Emmanuel Macron va présenter une nouvelle loi, baptisée #Noé...
Emmanuel Macron va présenter une nouvelle loi, baptisée #Noé...

La loi Noé - comme l'arche - doit sauver la France du déluge d'empêchements de travailler - au plus vite, Emmanuel Macron, ministre de l'Economie, de l'Industrie et du Numérique, a indiqué ce matin 9 novembre qu'il présentera la future loi Nouvelles opportunités économiques baptisée également "Macron" 2, en janvier prochain. Comme la première, elle vise à dévérouiller les initiatives, à soutenir les start-up mais aussi à remettre en selle le fameux statut de l'autoentrepreneur, que le gouvernement socialiste a en grande partie sabordé en lui imposant une fiscalité moins attrayante, des cotisations foncières, ou pour les chambres d'artisanat, des assurances ou des obligations de formation, ou en interdisant à un retraité de créer une entreprise dans l'activité qu'il avait quitté, avant 65 ans...

Pour l'instant, le projet Macron reste très flou. Pour l'auto-entreprise, il s'agirait de revenir à l'esprit de la loi Novelli, en créant un statut de "professionnel de proximité", qui ne nécessiterait pas de diplôme et qui paierait une "flat tax" unique. Une coiffeuse pourrait ouvrir un salon, même si elle ne dispose pas d'un diplôme, ce qui lui est interdit actuellement (alors que les salariés d'un salon de coiffure n'ayant pas de diplôme peuvent couper les cheveux pour le compte de leur patron !). Idem pour les peintres, les artisans... En tous les cas, Emmanuel Macron pense qu'il "est plus facile de trouver un client qu'un patron et un CDI", et qu'il faut pour cette raison que la loi évolue. Les petits métiers, couplés à des applications, pourraient permettre à des milliers de salariés de retrouver un emploi. 

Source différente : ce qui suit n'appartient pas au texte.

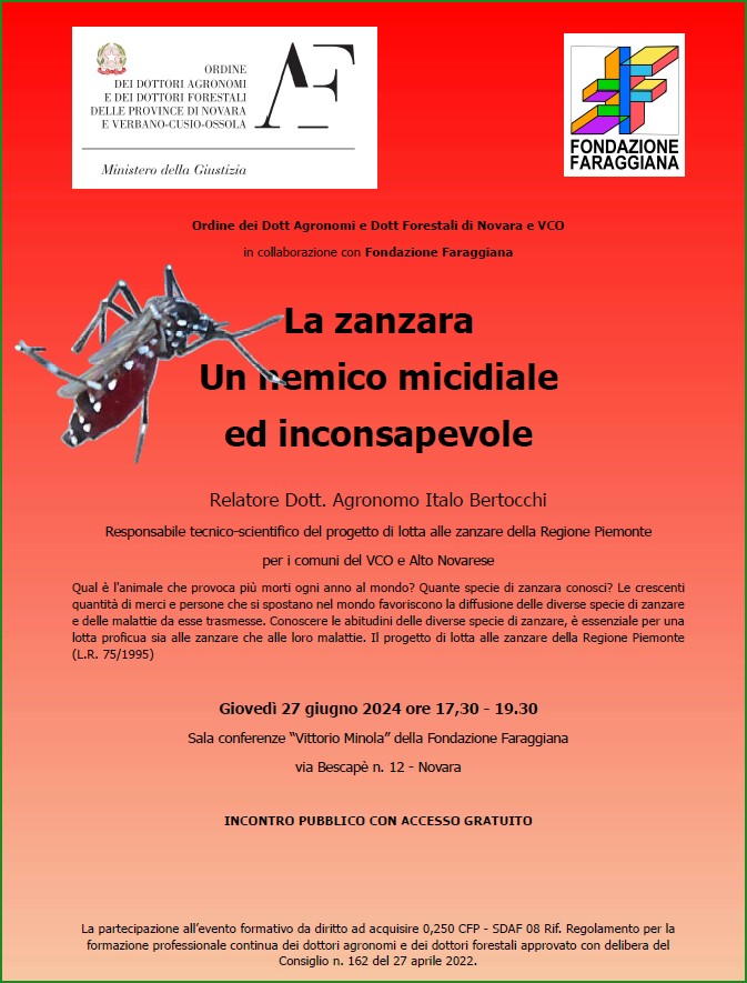 L'Ordine dei Dottori Agronomi e Forestali delle Province di Novara e VCO ha organizzato un incontro aperto a tutti in cui l'agronomo Italo Bertocchi, responsabile tecnico-scientifico del progetto di lotta alle zanzare della Regione Piemonte per i comuni del VCO e dell'Alto Novarese, illustrerà come affrontare la zanzara nella quotidianità per limitare i danni. Ma racconterà anche quante specie di zanzare si trovano oggi nel nostro territorio, come e dove si sviluppano e quali rischi possono dare.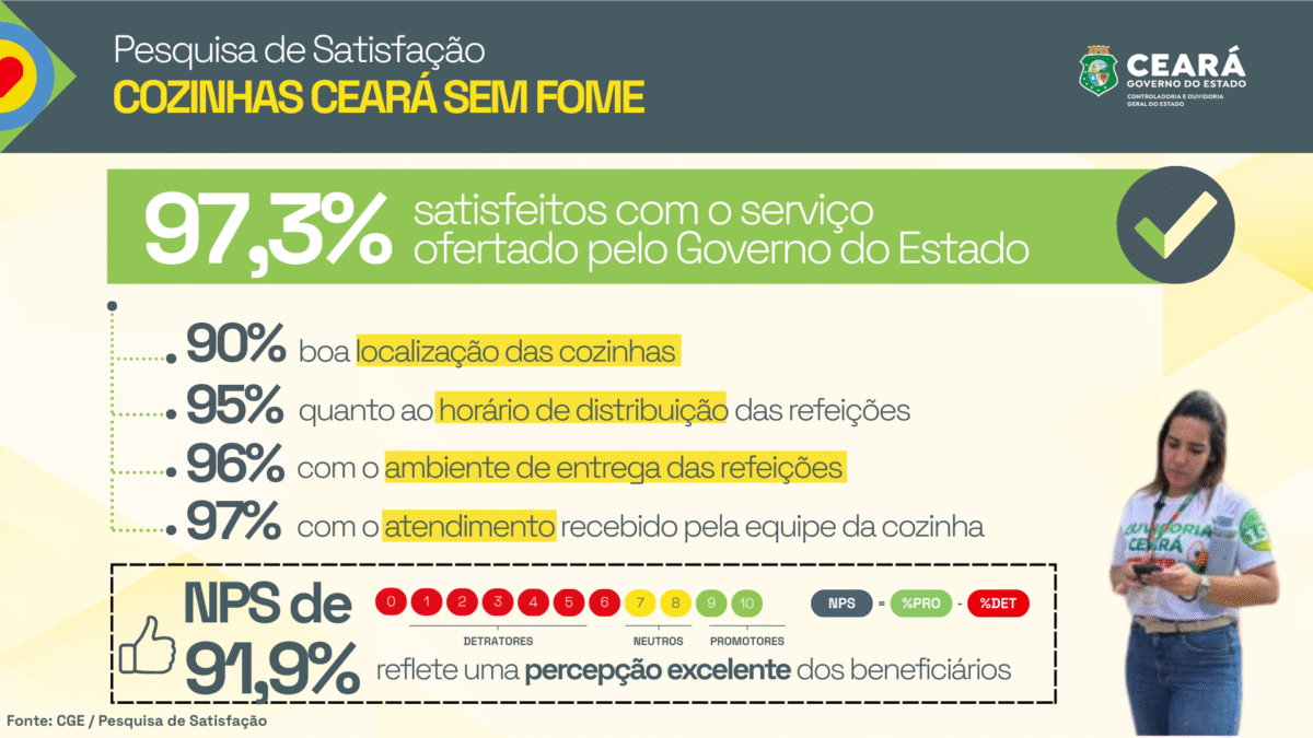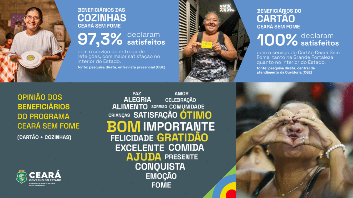 Conduzida pelos auditores de controle interno da Coordenadoria de Ouvidoria da CGE, Otacílio Júnior e Natália França, a pesquisa revelou elevado nível de satisfação entre os participantes. Entre os beneficiários das Cozinhas Ceará Sem Fome, 97,3% se declararam satisfeitos com o serviço, destacando a qualidade do atendimento, a organização da entrega e a boa localização das unidades. Já o Cartão Ceará Sem Fome registrou 100% de satisfação, com usuários relatando facilidade no uso e melhoria direta na alimentação e na estabilidade financeira de suas famílias.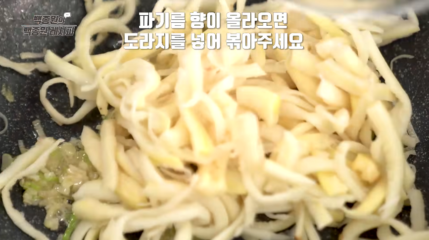 8. 파기름 향이 솔솔 올라오면, 도라지를 넣고 잘 볶아 주세요.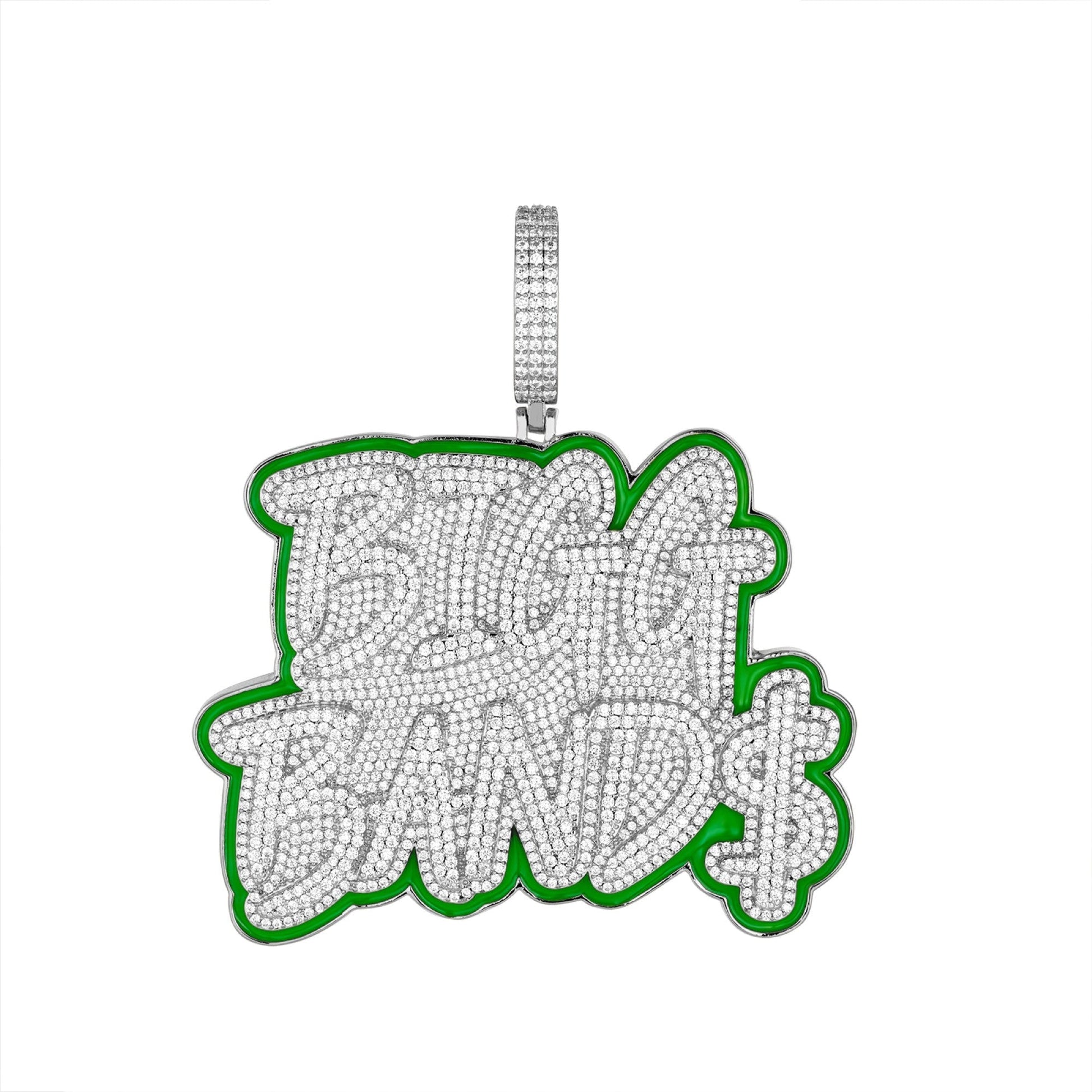S.Silver Round Moissanite Bigg Band Word Pendant RP 8-1/2 Cttw

Coup de balai sur la réglementation 

"Nous n'avons pas très bien réussi en France la robotisation, il faut que nous soyons au rendez-vous du numérique", a-t-il ajouté. Les start-up pourraient bénéficier de financements, les outils de régulation seraient modernisés, et il "faut ramener le capital  de nos épargnants vers le financement de l'économie réelle, développer une forme de fonds de pension à la française et adapter le cadre fiscal, et c'est cela aussi que je vais proposer dans les prochaines semaines",  Bref, le ministre va tenter le coup de balai bienvenu dans la réglementation - ce qui devrait encore faire réagir les artisans - tout favorisant l'émergence de nouveaux acteurs économiques. Il faudra également voir comment ce projet s'articule avec la révision du Code du travail. Car les salariés pourraient alors devenir - de gré ou de force - de plus en plus des auto-entrepreneurs. Mais Emmanuel Macron s'est bien gardé de livrer le projet de texte de loi. Ce n'est pas encore le bon timing, il faudra attendre après les élections régionales, en janvier...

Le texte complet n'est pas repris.